**Your task**
Transcribe exactly, and only, the lines from the one containing "Ce coque iphone" through the end of the entries below, leaving the pictures out.

**Records excerpted from a collection**
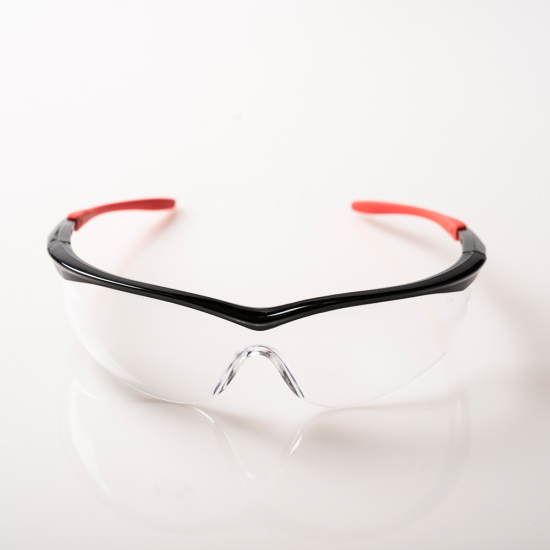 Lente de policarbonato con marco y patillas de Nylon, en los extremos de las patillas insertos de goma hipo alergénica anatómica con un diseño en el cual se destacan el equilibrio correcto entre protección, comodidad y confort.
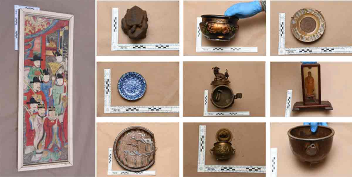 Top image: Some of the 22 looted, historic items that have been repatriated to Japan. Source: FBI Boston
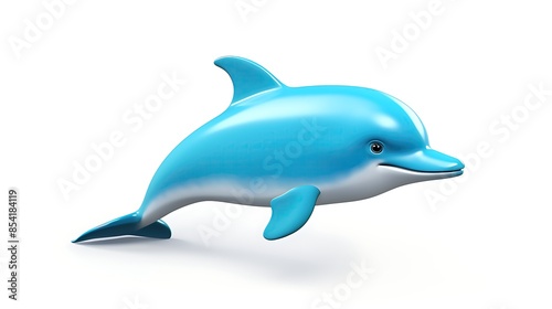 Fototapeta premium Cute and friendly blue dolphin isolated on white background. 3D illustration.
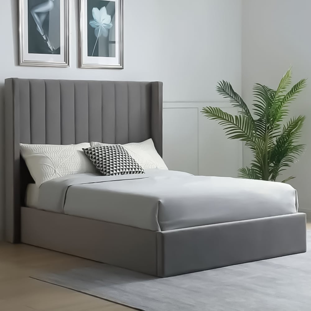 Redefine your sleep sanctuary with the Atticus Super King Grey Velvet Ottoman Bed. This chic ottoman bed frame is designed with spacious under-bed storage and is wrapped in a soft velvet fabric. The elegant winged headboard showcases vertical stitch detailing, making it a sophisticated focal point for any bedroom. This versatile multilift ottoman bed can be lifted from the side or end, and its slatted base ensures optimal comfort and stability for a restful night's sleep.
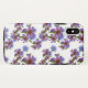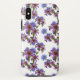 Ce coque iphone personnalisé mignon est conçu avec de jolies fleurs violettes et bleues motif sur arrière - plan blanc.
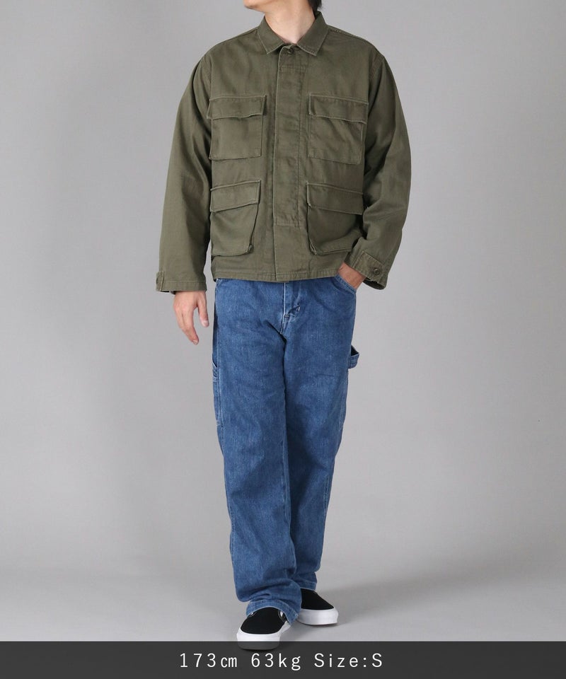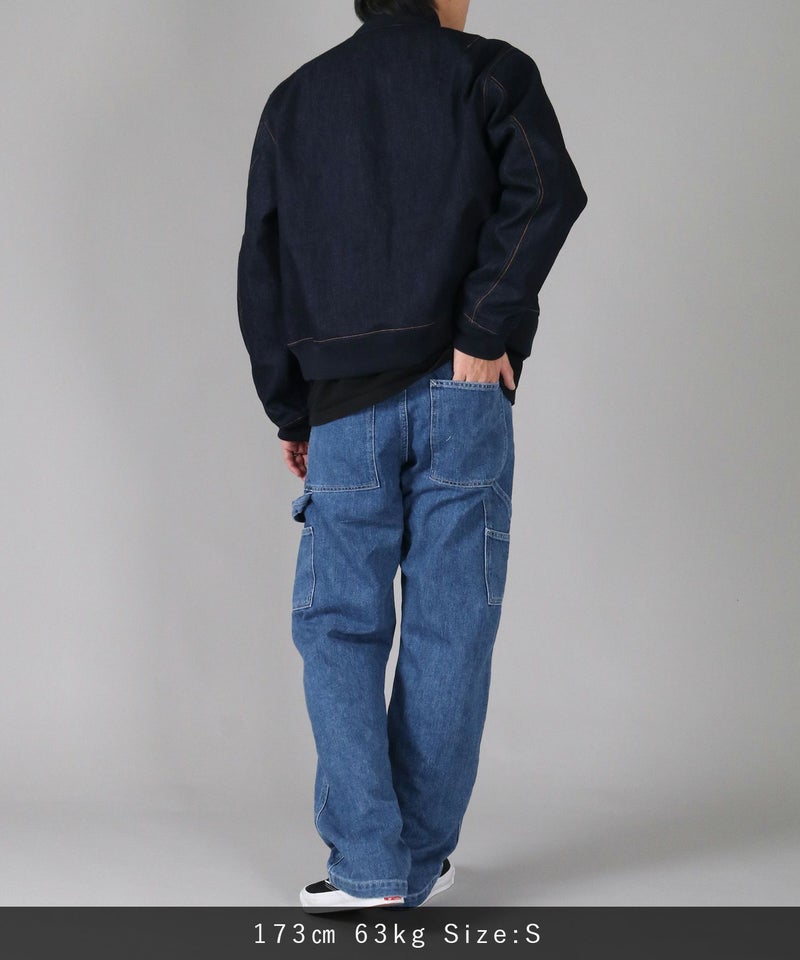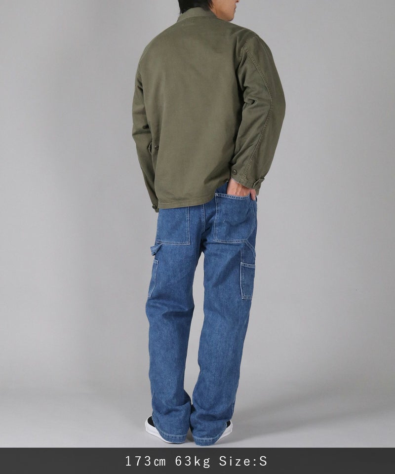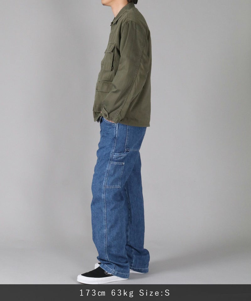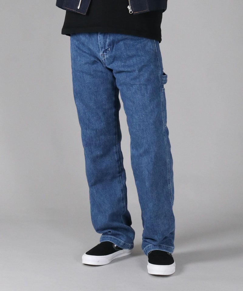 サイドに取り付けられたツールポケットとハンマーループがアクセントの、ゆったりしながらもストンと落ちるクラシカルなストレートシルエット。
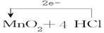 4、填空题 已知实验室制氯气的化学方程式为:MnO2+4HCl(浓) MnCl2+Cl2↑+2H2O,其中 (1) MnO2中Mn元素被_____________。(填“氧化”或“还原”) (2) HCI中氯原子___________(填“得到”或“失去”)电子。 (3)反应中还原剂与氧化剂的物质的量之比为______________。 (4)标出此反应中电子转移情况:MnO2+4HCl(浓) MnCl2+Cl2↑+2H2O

**Written answer**
 Ce coque iphone personnalisé mignon est conçu avec de jolies fleurs violettes et bleues motif sur arrière - plan blanc.
 サイドに取り付けられたツールポケットとハンマーループがアクセントの、ゆったりしながらもストンと落ちるクラシカルなストレートシルエット。
 4、填空题 已知实验室制氯气的化学方程式为:MnO2+4HCl(浓) MnCl2+Cl2↑+2H2O,其中 (1) MnO2中Mn元素被_____________。(填“氧化”或“还原”) (2) HCI中氯原子___________(填“得到”或“失去”)电子。 (3)反应中还原剂与氧化剂的物质的量之比为______________。 (4)标出此反应中电子转移情况:MnO2+4HCl(浓) MnCl2+Cl2↑+2H2O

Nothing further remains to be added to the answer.